Перова, не останавливаясь, оглянулась: кто? Увидела кто и поспешила дальше. То ли его берегла, то ли вправду не помнила. Хуй разберешь.
Прозвенел первый звонок. Рома повернулся и пошел в класс: он хорошо знал сегодняшний урок.
Виктор ушел темным утром, когда Тоня забылась перед тем, как прозвонит будильник: ему нужно было зайти домой переодеться на завод и выслушать молчание жены: невысказанный вопрос – где был ночью? Хоть она и знала, где и с кем. Виктор привык и давно понял, что молчание это ничем не окончится: они не могли разойтись, потому что идти было некуда – ни ей, ни ему. Да и Наблюдатели не позволили бы. Недаром его поселили с женой, а не с Тоней: значит, была причина.
Почему не с Тоней? Лучше не думать: тех не поймешь. Или отправишься на Процедуру, а затем на третий этаж. Туда Антонов не хотел. Что там делали, он толком не знал, но знал, что когда туда кого-то запирали, на третьем стояло молчание, словно никого не было. Это молчание заливало весь дом, и люди говорили тише, опускали головы ниже, стараясь не смотреть друг другу в глаза, словно им стыдно: то ли за то, что на третьем делали, то ли за то, что они об этом молчали. Не поймешь. Лучше не понимать.
Тоня была опять беременна: или от него, или от Саши Николаева. Она точно не знала: не могла высчитать по датам. Прошлый раз родила от него: Виктор был в этом уверен. Хоть большой разницы он не видел. Как и Тоня.
Шестой монитор давно барахлил: первый этаж видно плохо. То есть этаж разглядеть можно, но лица проходивших по этажу людей расплывались или вдруг принимались рябить в черную точку. Айдар не мог ясно видеть выражение лица Антонова, вышедшего из второй квартиры, и оттого не знал, что записать в Наблюдение. Он слышал ночной разговор между Антоновым и Тоней, прерываемый их постельной возней, и Тонино признание в беременности, но что Антонов думал об этом, оставалось не ясно. Одно дело, что женатый мужчина говорит любовнице, когда узнаёт про ее беременность, другое, что он чувствует, оставшись наедине. А на шестом мониторе этого не было видно.
– Ангелина, у меня на шестом развитие: Тоня Антонова опять беременна. Посмотри запись – начиная с 3.58.
– Зачем? – Ангелина – зеленая блузка, изумрудные серьги и такие же – в тон – глаза – распрямилась, встала, повела плечами: затекли от долгого сидения. – Ты уже сказал: беременна. Знаем от кого?
– От мужчины.
Алиса, Алиса… Ну что она всюду лезет со своим остроумием?! Компенсирует инвалидность. “Впрочем, – подумал Айдар, – она эту инвалидность заслужила: Старый Доктор ее предупреждал”.
– Сама не знает: то ли от брата, то ли от Николаева.
– А мы знаем?
– Если важно, узнаем. Поднимем логи и поймем по датам.

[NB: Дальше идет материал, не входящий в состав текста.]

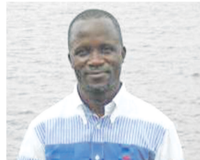
Hugues Eta (© Adiac)

À travers sa poésie avant-gardiste, l'auteur dépeint une jeunesse africaine qui se cherche mais aussi les douleurs d'un peuple laminé par la rudesse du temps. Poète d'avenir à l'écriture sobre et simple, Hugues Eta a une poésie qui coule toute seule comme les eaux douces d'une rivière « En 2012, j'ai lu dans la presse qu'Hugues Eta était lauréat du prix Paul-Eluard de poésie pour son recueil L'Âme des larmes . Ce qui ne me surprend guère tant son premier recueil était une belle promesse. Dans son dernier roman, on ressent l'empreinte de la poésie, parfois de manière heureuse quand la langue est cristalline, parfois trop lyrique quand il abuse de l'image ou d'une formule frappée, mais ces détails n'atténuent ni la force du récit ni la fluidité de la langue de ce texte, où Hugues Eta est tour à tour paysagiste-géographe, lorsqu'il décrit les errances du héros le long du fleuve, chroniqueur lucide, quand il narre les tribulations de Mpiko. Il y a dans ce récit une tendresse manifeste de l'auteur pour sa terre natale et un besoin urgent de participer à la naissance d'une nation plus fraternelle, davantage culturelle, plus humaine, dans la-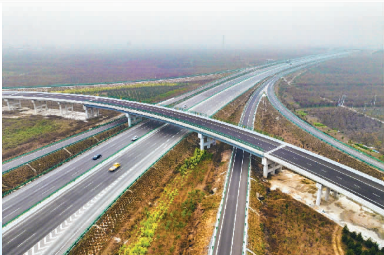
■衡昔高速石家庄段通车现场。

未来,石家庄都市圈将成为京津冀世界一流城市群的战略支撑、拉动冀中南经济增长的强大引擎、推动京津冀协同发展和中部崛起战略融合的重要枢纽。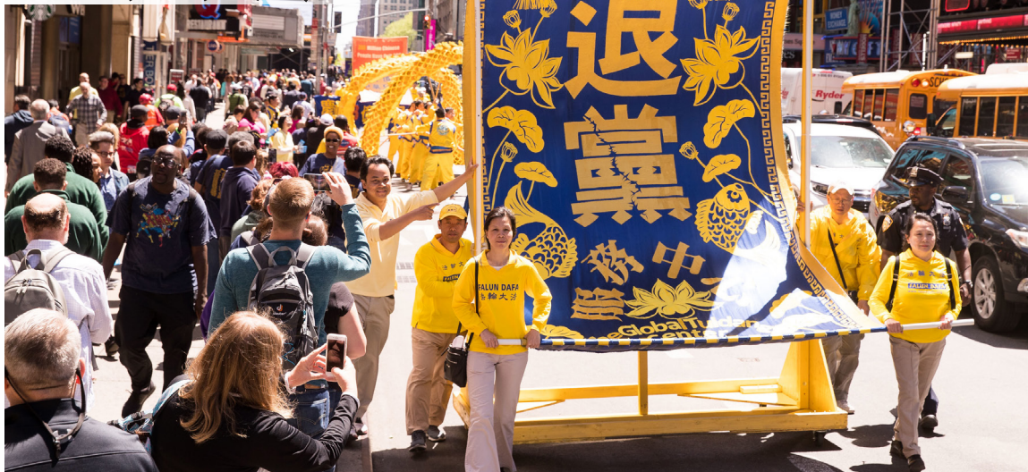
► 美国纽约曼哈顿游行中，法轮大法弟子庆祝“三退”的队伍。

在民间，自古就有“瘟疫有眼”的说法，就是说，瘟疫在哪里发生、谁会染病，冥冥之中都有定数。末劫大难将至，如何逃脱瘟疫的定向锁定？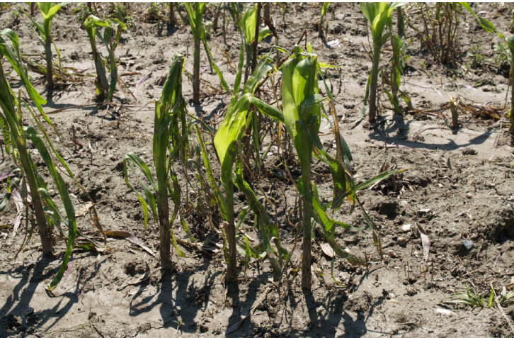
Maisfeld nach Hochwasser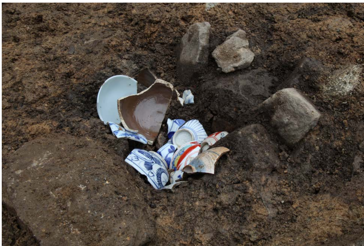
2015 年度調査区 046SK 陶磁器出土状況（南から）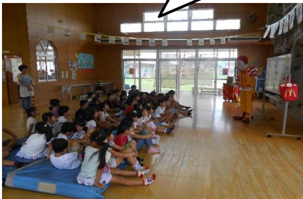
マクドナルド防犯教室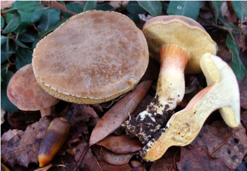
Fig.5.3. Hortiboletus engelii (Hlaváček) Biketova & Wasser

El género Hortiboletus se caracteriza por presentar pequeños puntos de color zanahoria o rojo-bermellón en la base en la carne de la base del estípite y a nivel microscópico por sus esporas lisas,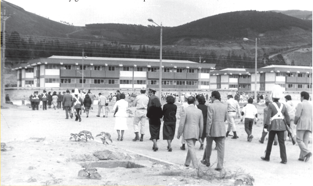
ESMIL en el año de 1981

nuevos escenarios y de esa manera sigue graduando hasta la presente fecha, subtenientes profesionales, comprometidos con el país y su gente y sobre todo orgullosos de un pasado histórico de 185 años de tradición de honor y gloria herederos de la promitente historia del Ecuador.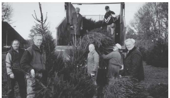
De kerstbomen worden opgeladen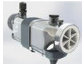
Cellule d'électrolyse avec sonde T°C et détecteur de débit Transparent cell with temperature probe and flow switch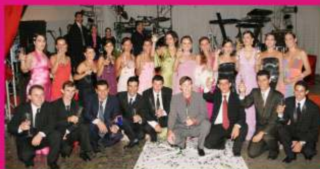
Baile de Formatura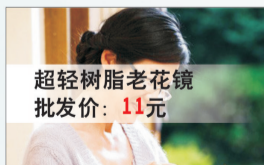
超轻树脂老花镜 批发价: 11元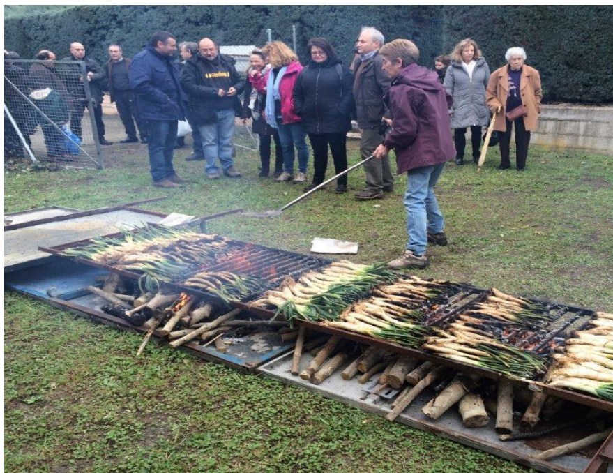
Calçotada con sidra en la Quinta Asturias, organizada por el Círculo Catalán de Madrid y el Centro Asturiano de Madrid

– Не поймем, – сказала Ангелина. – Она часто спит с ними через ночь: сегодня с одним, завтра с другим. А иногда и с обоими вместе.
– И с Ворониным тоже, – вставил Тенгиз. – Только не помню, с каким.
Неловкое молчание. Тенгиз и сам понял, что сказал глупость: от Ворониных спущенные в Павильон женщины не могли забеременеть. Биологическая несовместимость. Как и ни от кого из них, Наблюдателей.
– Мальчики-девочки, – Ангелина, в короткой отливающей зеленым блеском юбке-колоколе, встала, сняла туфли на высокой шпильке, поставила ногу на стол и начала массировать икру – снизу вверх: – Работаем. Работаем.
– Ангелина… – Алиса развернула инвалидное кресло от мониторов в зал аппаратной: – Напомни, почему мы Антоновых не поженили? У них же любовь. Неужели из-за того, что брат и сестра? Так они об этом уже не помнят.
– И когда помнили, это им не мешало. – Боря-африканец – строгий темный костюм, белая рубашка, серый галстук. Продолжает одеваться как за Периметром.
– Мальчики-девочки, – Ангелина поменяла ногу, ладони заскользили по обтянутой чулком с зеленоватым отливом икре, гоня усталую кровь – снизу-вверх, снизу-вверх: – Все мы братья и сестры. Однако не женимся друг на друге. Отчего же делать несчастными Антоновых? Пусть в этот раз побудут любовниками: оставьте людям хоть какую-то радость.
Ангелина села в кресло и закрыла глаза. Она часто так делала, пытаясь увидеть изображение на мониторах с закрытыми глазами. Розенцвейг учил ее, как нужно сосредоточиться на том возможном, том единственном, выбранном ею как Наблюдателем, варианте развития событий, что должен стать реальностью.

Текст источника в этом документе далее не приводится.